I see referer and knownrefererid, think about getting the referer from the knownrefererid if possible. This will help reduce excess writes.
I see campaignkey and campaignid, again if possible get from the campaigns table if possible.
I see orderid and orderdate. I'm sure you can get the order date from the orders table, correct?
I see hostaddress and hostname, do you really need the name? Usually the hostname doesn't serve much purpose and can be easily misleading.
I see multiple dates and timestamps, is any of this duplicate?
How about that SessionLog column? I see that it's XML. Is it a lot of data, is it data you may already have in other columns? If so get rid of the XML or the duplicated columns. Using SQL 2008 you can parse data out of that XML column when reporting and possibly eliminate a few extra columns (thus writes). Are you going to be in trouble in the future when developers add more to that XML? XML to me just screams 'a lot of excessive writing'.

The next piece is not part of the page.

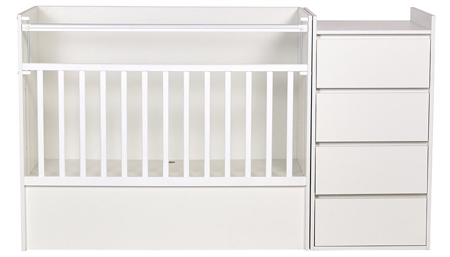 Кроватка-трансформер детская Polini kids Simple 1902, с комодом, белый информация:

Mitch says to remove the primary key. Personally I would leave the index on the table. Since it is clustered that will help speed up write times as the DB will always write new rows at the end of the table on the disk.
Strip out some of this duplicate information and you'll probably do just fine writing a row each visit.
Well, I'd recommend NOT inserting a few k of data with EVERY page!
First thing I'd do would be to see how much of this information I could get from a 3rd party analytics tool, perhaps combined with log analysis. That should allow you to drop a lot of the fields.
25k inserts a days isn't much, but the catch here is that busier your site gets, the more load this is going to put on the db. Perhaps you could build a queuing system that batches the writes, but really, most of this information is already in the logs.
Agre with Chris that you would probably be better off using log analysis (check out Microsoft's free Log Parser)
Failing that, I would remove the Foreign Key constraints from your SessionVisit table.
You mentioned rowsize; the varchar's in your table do not pre-allocate to their maximum length (more 4 + 4 bytes for an empty field (approx.)). But saying that, a general rule is to keep rows as 'lean' as possible.
Also, I would remove the primary key from the SessionGUID (GUID) column. It won't help you much.
That's also an awful lot of nulls in that table. I think you should group together the columns that must be non-null at the same time. In fact, you should do a better analysis of the data you're writing, rather than lumping it all together in a single table.